The mother of a 5-year-old, she has attracted a backlash as well: Prigozhin-controlled media have portrayed her as a bad parent. One election official compared her to a bedbug.

So far, the Kremlin has shown no willingness for compromise over the independent candidates, and Sobol’s decisive, if not radical, approach is a natural response to that, said Tatyana Stanovaya, nonresident scholar at the Moscow Carnegie Center and head of the R.Politik political analysis firm.

“This decisiveness is called for,” Stanovaya said. “But Sobol could alienate some liberal voters because of her emotionally charged, negative style.”

Volkov rejects that, saying Sobol’s rhetoric matches the protest mood: “It’s the right thing to do and that’s what’s needed right now.”

The Moscow protests follow major rallies in Russia’s fourth-largest city of Yekaterinburg that pushed the government to scrap plans to build a cathedral in a popular park. Thousands in towns and villages in northwestern Russia have turned out since winter against a government plan to dump garbage from Moscow in their pristine forests. Residents of Siberia have demonstrated against the government’s response in tackling sprawling wildfires.

The Moscow protests appear to be far angrier than those against vote-rigging in 2011-12 that died down after Putin’s re-election and the launch of criminal cases targeting a group of demonstrators.

After the recent demonstrations, 13 people face the more-serious charge of rioting, even though there has been no violence on their part or little damage to property. Protesters also have reported being approached by the military draft office and debt collectors after their detentions.
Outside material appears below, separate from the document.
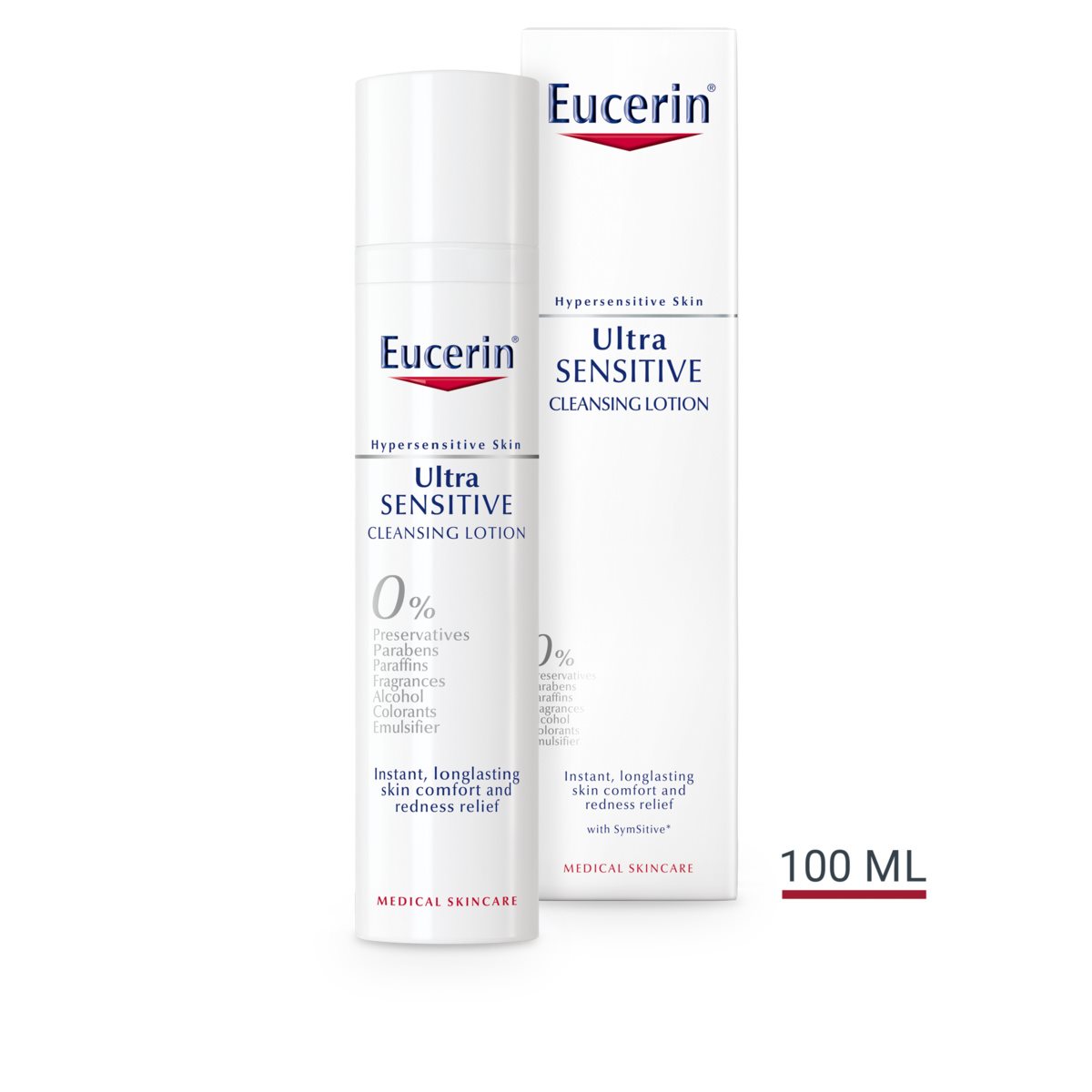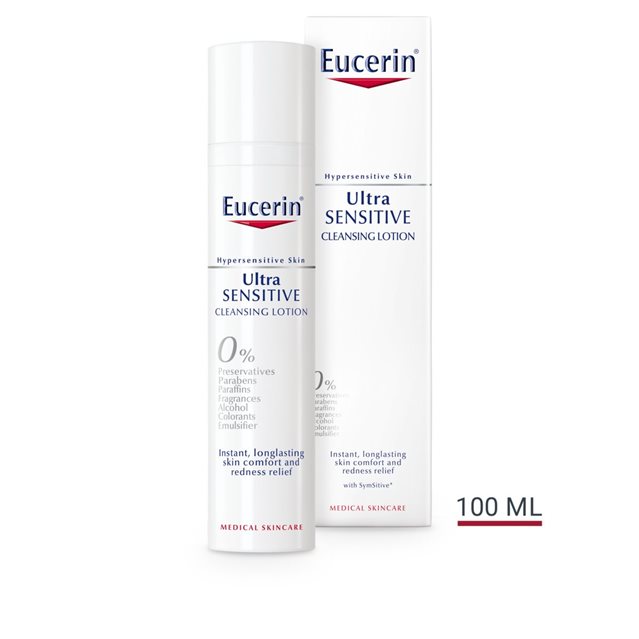 Eucerin UltraSENSITIVE Cleansing Lotion leaves hypersensitive (including redness/Rosacea/Couperose-prone skin) thoroughly cleansed while its 'pure' formula contains only a limited number of ingredients to minimise intolerance and allergic reactions. The UltraSENSITIVE Cleansing Lotion has no surfactants, and is very gentle to the skin, yet it is powerful enough to remove make-up.

“I see that people are angry. They are on the verge, they’re ready to stand for their rights and keep on fighting,” Sobol said.

She dismissed comparisons with the Hong Kong protests that have been marked by increasing violence by demonstrators.

Sobol said she can picture an even tougher Kremlin crackdown, including a ban on social media that helped mobilize the rallies. She doesn’t rule out a more violent turn to what have so far been peaceful protests, because the rougher police tactics are undermining any remaining trust in authorities.

“Russia is impossible to predict,” she said. “The society is tired. It can blow up.”